Em uma das imprescindíveis páginas de "Mulheres que correm com os lobos: Mitos e histórias do arquétipo da mulher selvagem", Clarissa Pinkola Estés endossa esse posicionamento social proativo, na página 178, ao afirmar que "quando uma vida é excessivamente controlada, cada vez há menos vida a controlar". Tal frase pode ser enxergada sob o viés da procura por uma vida menos programada (sobretudo para quem prefere adiantar cada passo), bem como sob o viés do controle externo. 

Décadas, séculos e milênios atrás, filósofos lutaram para nos libertar das amarras impostas pelo poder constituído de seres costumeiramente privilegiados, mesquinhos e gananciosos. Seria a hora de voltarmos a deixar que nos amarrem novamente para que haja a garantia de dias felizes? Desta vez, certamente, não usarão cordas, mas arames grossos, farpados e venenosos, para que certifiquem a sutileza da causa que há por trás de toda história para bois (e toda a fazenda) dormir. Nos embriagarão com suas já obsoletas práticas da imposição do medo para assegurar a preservação mercado e escatológica que é resultado direto do autoritarismo.

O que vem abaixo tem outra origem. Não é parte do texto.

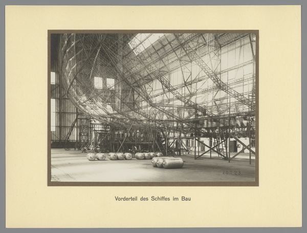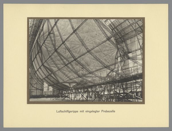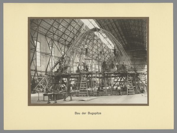 Editor: This is "Construction for the Universal Exhibition of 1855" from the workshop of Bertsch et D'Arnaud, a photograph documenting the building's creation. It’s quite amazing to see the skeletal framework exposed like this, emphasizing geometric and architectural forms. How does this photographic rendering of construction materials resonate with you? Curator: It highlights the often-invisible processes behind grand displays like the Universal Exhibition. Photography here doesn't just record a building; it reveals the labour, the materials, the very nuts and bolts–literally and figuratively–that go into constructing such an event. Consider the social context: this exhibition aimed to showcase industrial progress, but this photo draws attention to the means of production, the raw materiality that progress relies upon. It prompts questions about the human effort involved and the resources consumed. Editor: So, it’s a photograph about more than just architecture. It speaks about labour? Curator: Precisely! It directs our gaze to the working class and the tangible, material base upon which these celebrations of industry are built. Do you think this image was meant to critique or celebrate the spectacle of progress? Editor: I'm unsure; perhaps it straddles both. It celebrates human ingenuity yet tacitly acknowledges the human price of progress and all the preparation necessary to show only the ‘best’ face. I never would have considered that by just looking at it at first glance. Curator: Indeed. And reflecting on the medium, photography itself was rapidly advancing as a means of documentation during this period, allowing for new forms of recording, processing, and, of course, dissemination of information. Considering the processes behind it highlights the interconnectedness of industry, technology, and representation in the 19th century. Editor: Thanks. Now I understand the photograph's layered relationship to both the universal exhibition and our own interpretation of modernity.

Portanto, numa era de modismos originários e endossados no ambiente virtual, conclamo a sua atenção para atentar ao navio no qual embarca. Não entre na fila porque "todos estão fazendo isso". Seja humano e use suas bagagens neurais para ponderar se a moda que escolheu endossar compactua com o discurso que habitualmente defende. A não ser que queira vestir o colete da hipocrisia. Mas lembre-se de que ele não vai te proteger das grandes tempestades. Especialmente as internas.